Makna merupakan aspek terpenting dalam sebuah bahasa karena dengan
makna maka sebuah komunikasi dapat terjadi dengan lancer dan saling dimengerti.
Tetapi seandainya para pengguna bahasa dalam bertutur satu sam lain tidak saling
mengerti makna yang ada dalam tuturannya maka tidak mungkin tuturan berbahasa
dapat berjalan secara komunikatif. Di sini dituntut antara penutur dan lawan tuturnya
harus saling mengerti makna bahasa yang mereka tuturkan.

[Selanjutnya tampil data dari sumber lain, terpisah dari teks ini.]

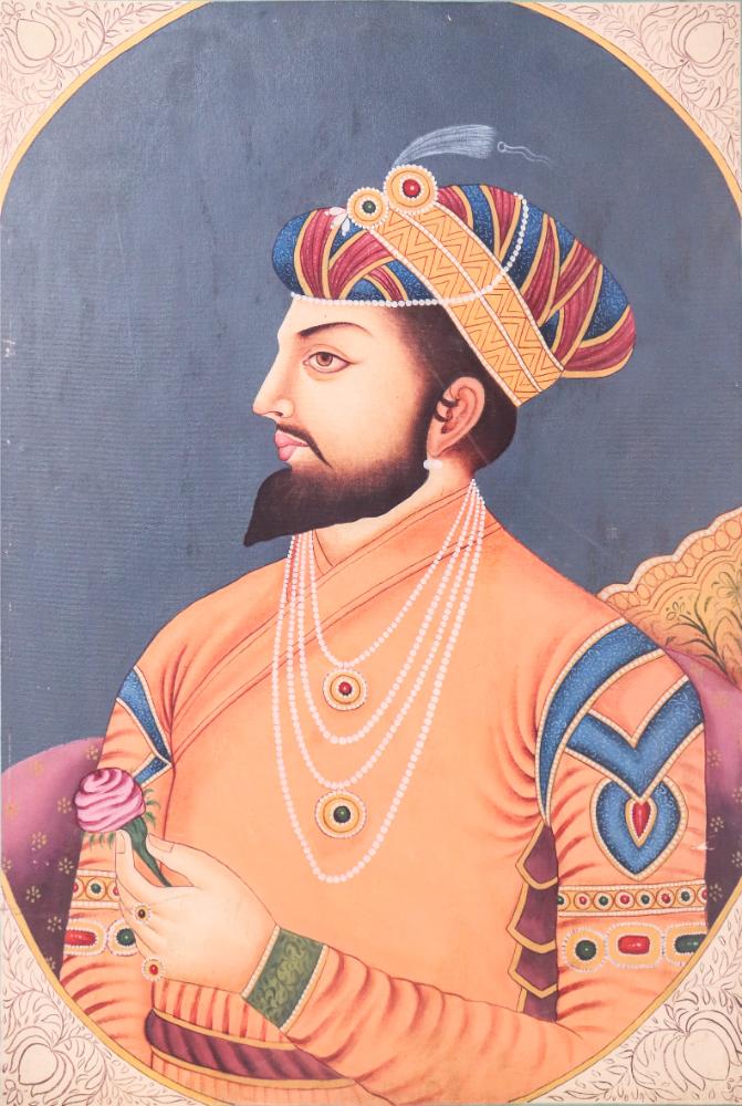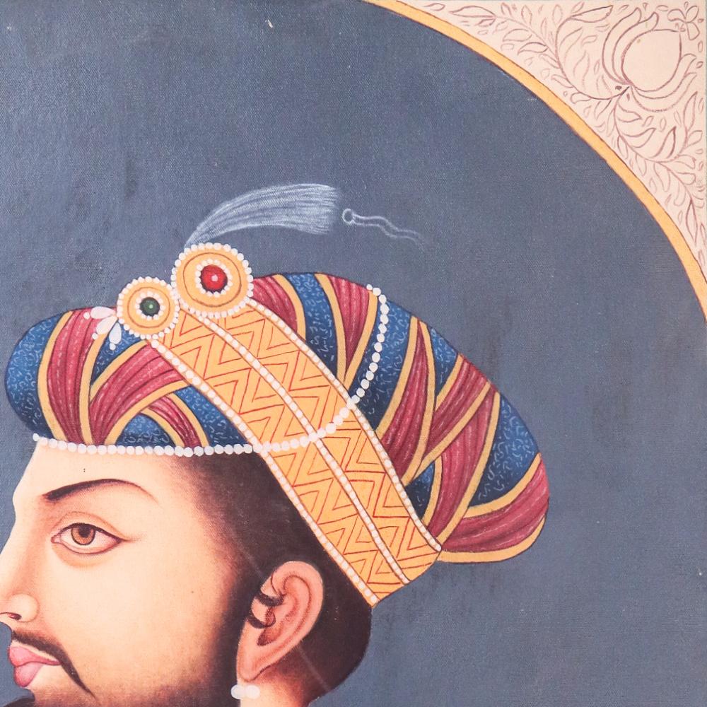 A moment of royal introspection—this acrylic canvas painting portrays a nobleman lost in quiet thought, a single rose cradled in his hand. His gaze looks beyond the frame, capturing both power and vulnerability. Adorned with pearls and gemstones, his orange robe and multicolored turban tell a story of tradition, pride, and heritage. The depth of the background and the softness of the facial features give the painting a calming, reflective quality—ideal for spaces that value storytelling and soul.

Kajian makna dalam semantik leksikal lebih mendasarkan pada peran makna
kata dan hubungan makna yang terjadi antarkata dalam suatu bahasa. Hubungan
makna antar kata baik yang bersifat sintagmatik dan paradigmatik kerap digunakan
untuk menjawab permasalahan makna kata. Kajian makna kata dalam konteks ini pada
gilirannya tentu dapat menjawab permasalahan makna kalimat. Sebab sebagaimana
kerap dikemukakan oleh ahli semantik bahwa makna kalimat bergantung pada makna
kata yang tercakup dalam kalimat tempat kata itu terangkai. Peran kajian makna kata
berdasarkan hubungan makna ini terasa penting mengingat tidak semua makna kata
dapat dijelaskan oleh keterkaitannya dengan objek yang digambarkan oleh kata itu.

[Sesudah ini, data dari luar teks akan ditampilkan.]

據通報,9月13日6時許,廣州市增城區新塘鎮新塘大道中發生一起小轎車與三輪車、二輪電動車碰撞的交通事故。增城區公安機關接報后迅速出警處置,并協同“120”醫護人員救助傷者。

Makna kata-kata yang bersifat abstrak, misalnya hanya mungkin dapat dijelaskan
maknanya oleh hubungan makna antarkata dalam suatu bahasa.
Semantik sendiri sebagai ilmu turunan dari Linguistik adalah ilmu yang
mempelajari tentang makna suatu kata. Semantik menitikberatkan pada objek studi
yang berkaitan tentang makna. Banyak teori tentang makna telah dikemukakan orang.

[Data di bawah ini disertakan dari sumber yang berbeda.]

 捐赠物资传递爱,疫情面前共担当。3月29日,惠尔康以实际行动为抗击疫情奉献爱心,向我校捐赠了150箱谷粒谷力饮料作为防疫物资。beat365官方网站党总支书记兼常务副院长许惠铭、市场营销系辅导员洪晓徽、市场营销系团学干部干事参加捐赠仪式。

Menurut teori yang dikembangkan dari pandangan Ferdinand de Saussure bahhwa
makna adalah ‘pengertian’ atau ‘konsep’ yang dimiliki atau terdapat pada sebuah tanda
linguistik. Kalau tanda linguistik itu disamakan identitasnya dengan kata atau leksem,
maka berarti makna adalah pengertian atau konsep yang dimiliki oleh setiap kata atau
leksem; kalau tanda linguistik itu disamakan dengan morfem, maka berarti makna itu
adalah pengertian atau konsep yang dimiliki oleh setiap morfem, baik yang disebut
morfem dasar maupun morfem afiks.
Makna itu tidak lain daripada sesuatu atau referen yang diacu oleh kata atau
leksem. Kita dapat menentukan makna setelah dalam bentuk kalimat.
Contohnya:
Sudah hampir pukul dua belas!
Bila diucapkan oleh seorang ibu asrama putri kepada seorang pemuda maka
bermaksud mengusir, sedangkan jika yang mengatakan adalah seorang karyawan
kantor berarti menunjukkan waktu makan siang.